Tale of a Sky-Blue Dress
- First edition
- Author: Thylias Moss
- Language: English
- Subject: Memoir
- Published: 1998 (Bard Press)
- Publication place: United States
- Media type: Print (hardback)
- Pages: 274
- ISBN: 9780380793624
- OCLC: 42333832

= Tale of a Sky-Blue Dress =

1998 book by Thylias Moss

Tale of a Sky-Blue Dress is a 1998 memoir by Thylias Moss. It is the story of Moss' life from early childhood, including at the hands of an abusive babysitter, an older girl in a blue dress, through to her marriage.

==Reception==
Booklist, in a review of Tale of a Sky-Blue Dress, wrote "This haunting memoir is also a delicate and thorough exploration of the nature of evil and the place of cruelty both in the author's own life and more broadly within the human experience."

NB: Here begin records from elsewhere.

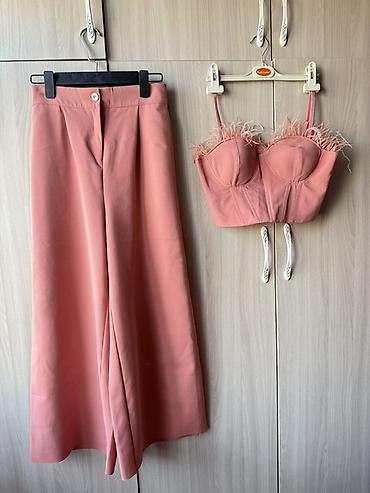 Женский комплект из топа-бюстье и широких брюк, цвет пудрово‑розовый. Красивая, «видная» двойка, можно носить и отдельно🙂 Носила 1 раз Размер: стандарт Качество: отличное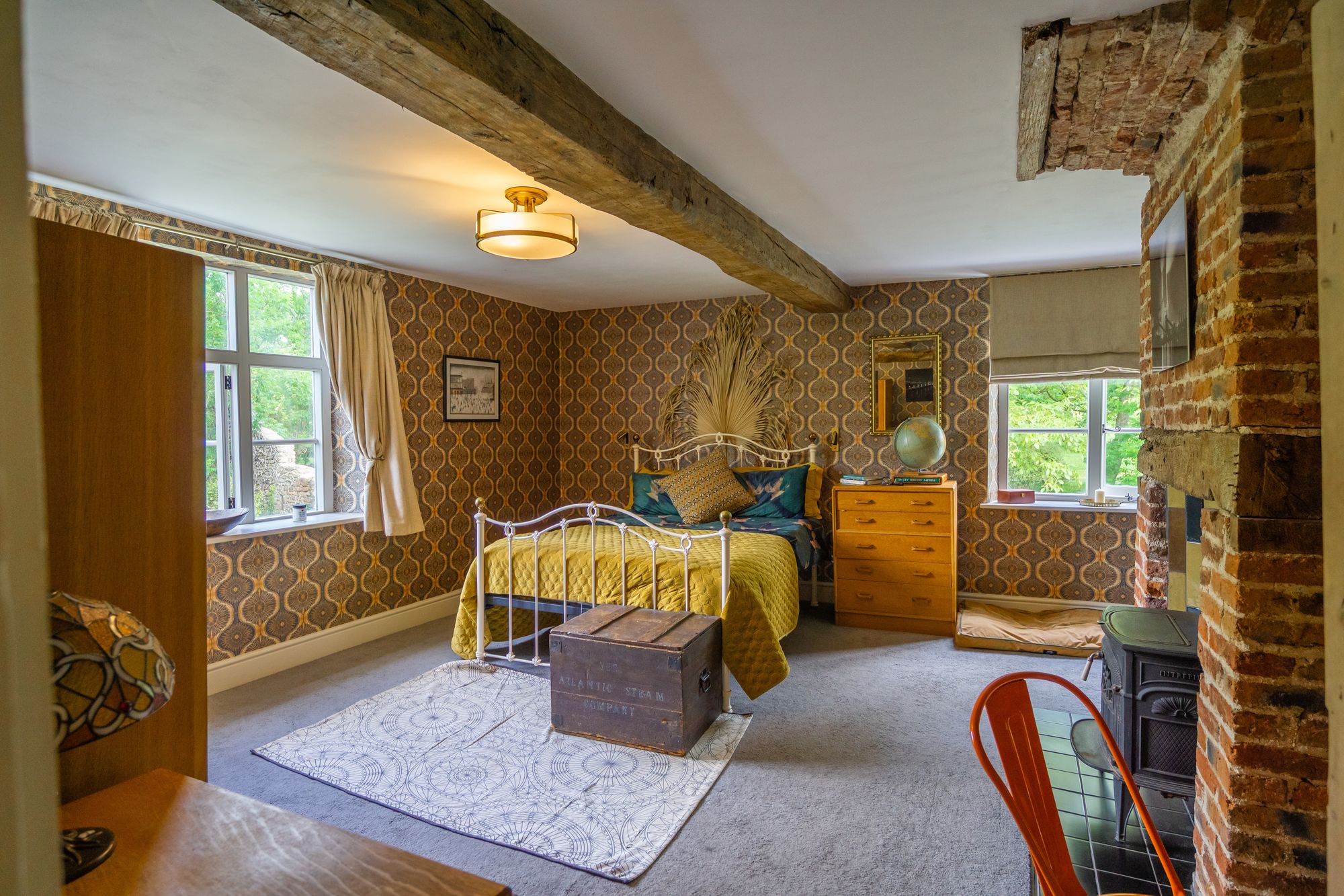 To the rear of the house is the farmhouse kitchen, complete with an original inglenook fireplace housing a Rangemaster cooker (included in the sale), and the original bread oven with potential to be reinstated as a pizza oven. Designed with a rustic feel, the kitchen reflects the owners' desire to preserve its heritage. The quarry tile flooring remains in situ, while sympathetic modern additions include a central island and cabinetry painted in Fired Earth's Oak Apple', with an inset Belfast sink and integrated dishwasher. There is ample space for a dining table, and a stable door opens out to the garden.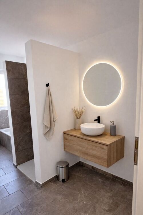 Modernes Badezimmer mit Badewanne und ebenerdiger Dusche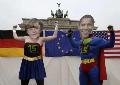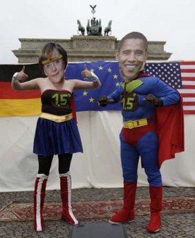 中新網(wǎng)6月26日電 據(jù)星島環(huán)球網(wǎng)報(bào)道,德國一個(gè)氣候活動(dòng)組織25日在柏林勃蘭登堡門前抗議。他們扮成德國總理默克爾和美國總統(tǒng)奧巴馬的模樣,穿上超人服裝,呼吁默克爾在氣候問題上與奧巴馬商談時(shí)要維護(hù)此前“歐盟氣候超人”的地位。

CNN wrote "Tale of a Sky-Blue Dress starts promisingly, thanks to poet Thylias Moss' shining description of an idyllic childhood." and concluded "In her final chapters, Moss exults in her ability to love and be loved. Her happiness is evident, but hardly eloquent.
Perhaps she wrote the book to prove she survived. She also proves that what works in life doesn't necessarily succeed as writing." It has also been called "a remarkably frank memoir."

Tale of a Sky-Blue Dress has also been reviewed by Kirkus Reviews, Publishers Weekly, Multicultural Review and The New York Times.